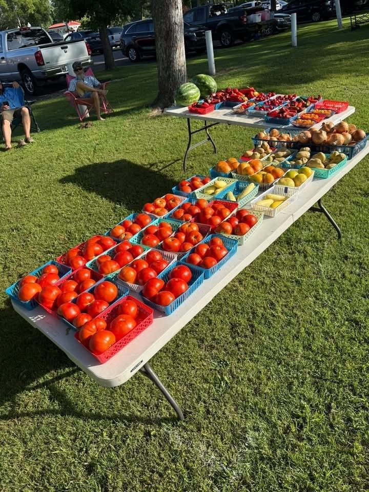 The Cotter Farmers Market is located in BIG SPRING PARK next to the Restroom under the pine trees.
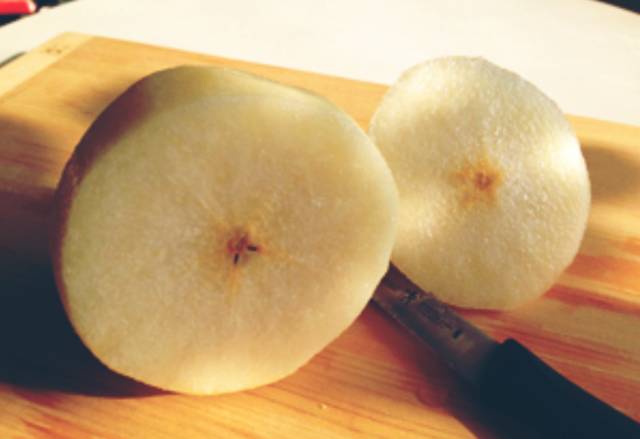 3、将雪梨核去掉备用;
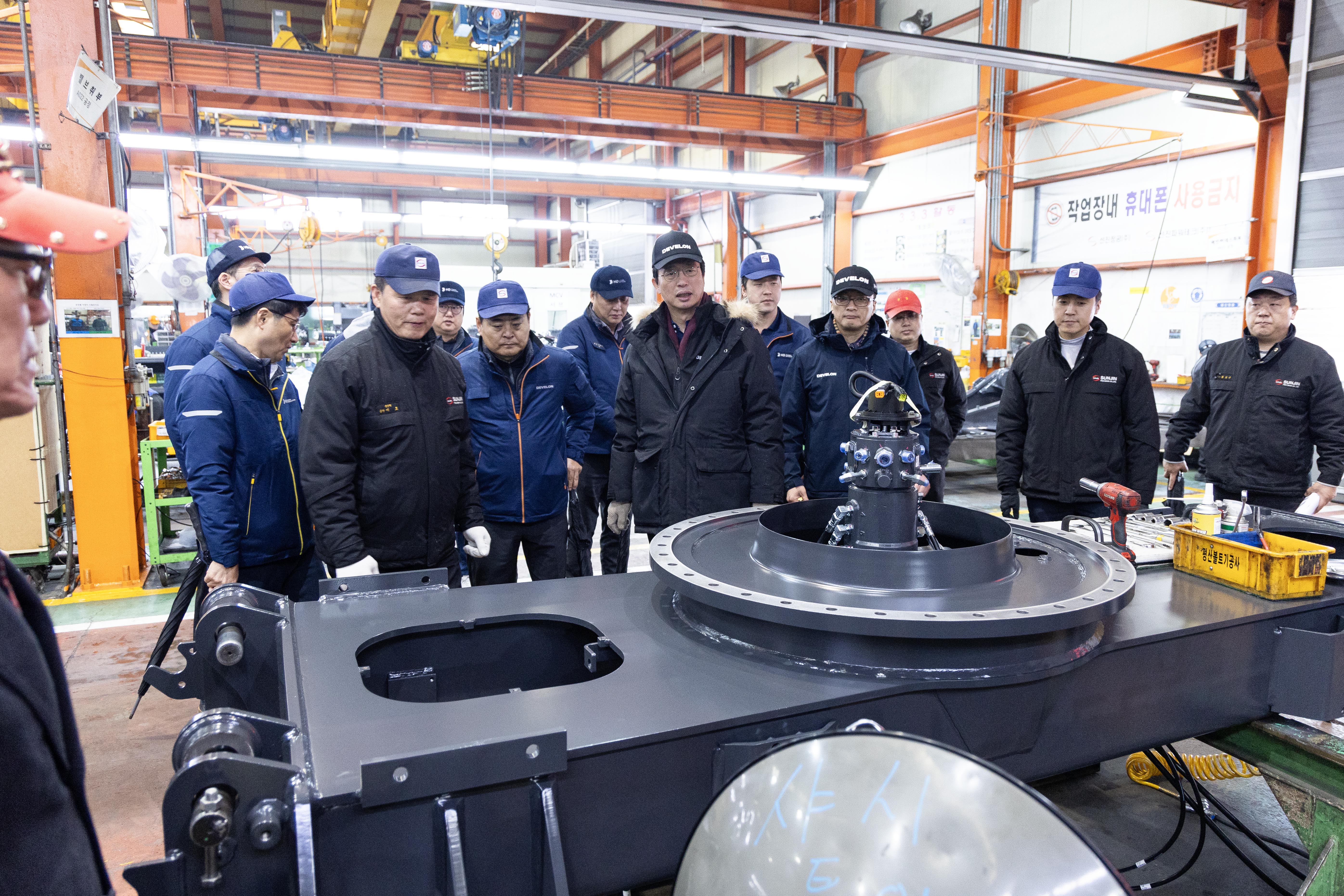 HD현대인프라코어 문재영 부사장(건설기계사업본부)과 생산, 영업, 품질, R&D 임직원들이 지난 2월 12일 디벨론 휠굴착기와 휠로더를 OEM 생산하는 협력사인 선진정공의 천안공장에 방문했다. 문 부사장은 최근 국내에 신규 출시한 핵심 전략 제품 DX150W-7K 생산 현장을 둘러보며 초기품질과 안전의 중요성을 강조하고 애로사항을 청취했다.
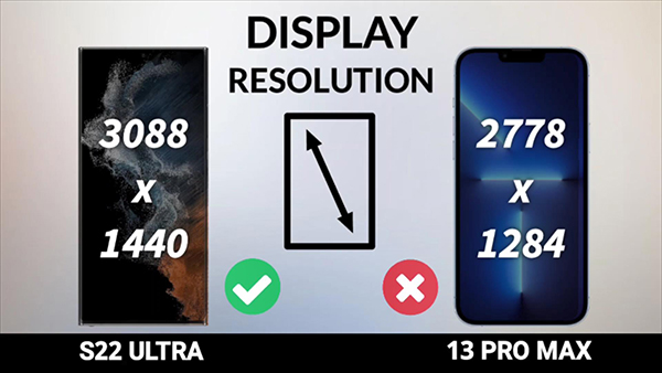 三星S22 Ultra的屏幕尺寸為6.8英寸,比iPhone 13 Pro Max的6.7英寸的屏幕稍微大一些,同時在屏幕分辨率方面,三星S22 Ultra的屏幕分辨率為1440X3088像素,iPhone 13 Pro Max的屏幕分辨率為1284X2778像素。在屏幕的分辨率和尺寸方面,三星S22 Ultra要比iPhone 13 Pro Max更勝一籌。
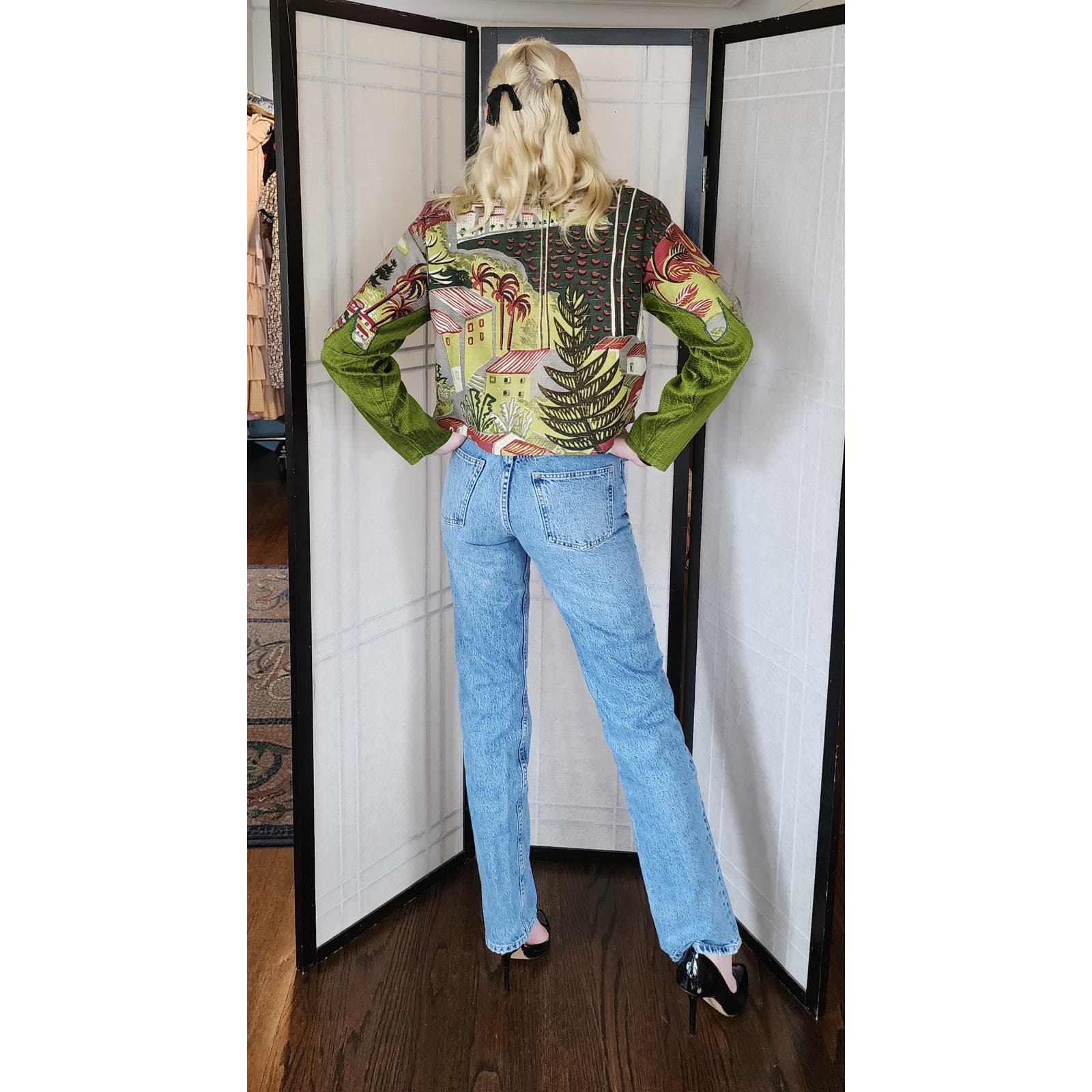 90s Cropped Blazer Novelty Print Sante Fe Style Village Cotton Canvas
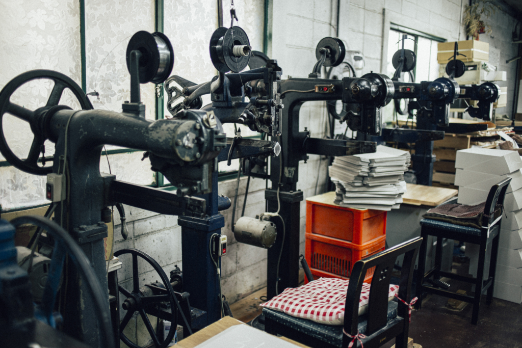 四角止め機/平止め機箱の四角をホッチキスのように針金やテープで留めていく機械です
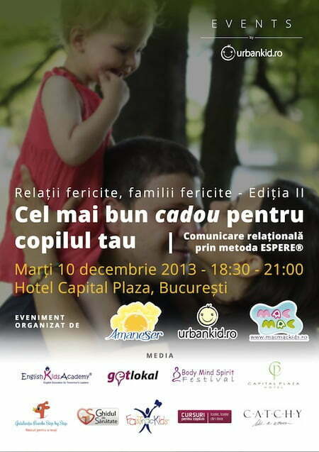 Despre cum poţi păstra relaţia frumoasă şi armonioasă cu copilul tău va fi vorba la conferinţa Relaţii fericite, familii fericite. Vei afla, dacă nu ştii încă, ce este metoda Espere şi cum te poate ajuta să comunici armonios cu copilul tău, cum să-l asculţi, să petreci timpul cu el, ce mesaje îi transmiţi. Să acorzi atenţie nevoilor şi dorinţelor lui. Să construiţi împreună o relaţie frumoasă, de încredere, să-l înveţi să fie independent. Poate acesta va fi unul dintre cele mai frumoase cadouri pe care i le poţi oferi, nu doar într-o zi, ci zi de zi, copilului tău.
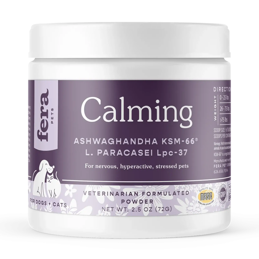 Our veterinarian-formulated Calming Support features effective ingredients to promote relaxation for nervous, hyperactive or stressed pets. This custom combination of herbs, amino acids, neurotransmitters and probiotics, were chosen for their synergy and demonstrated effectiveness for calmness. Within the gut, stress hormones such as cortisol can affect intestinal barrier integrity and immune signaling, and stress itself has been associated with changes in the composition of the gut microbiota. Featuring a clinically studied strain, L. Paracasei LPC-37®, that promotes relaxation by way of the Gut-Brain Axis, our calming support is specifically designed to link the intestinal tract and brain to reduce stress.
************
Problem statement
From the records above, extract the lines from the one holding "三星S22 Ultra的屏幕尺寸為6.8英寸,比iPhone 13" through the one holding "四角止め機/平止め機箱の四角", word for word; omit the pictures.

Completed task
 三星S22 Ultra的屏幕尺寸為6.8英寸,比iPhone 13 Pro Max的6.7英寸的屏幕稍微大一些,同時在屏幕分辨率方面,三星S22 Ultra的屏幕分辨率為1440X3088像素,iPhone 13 Pro Max的屏幕分辨率為1284X2778像素。在屏幕的分辨率和尺寸方面,三星S22 Ultra要比iPhone 13 Pro Max更勝一籌。
 90s Cropped Blazer Novelty Print Sante Fe Style Village Cotton Canvas
 四角止め機/平止め機箱の四角をホッチキスのように針金やテープで留めていく機械です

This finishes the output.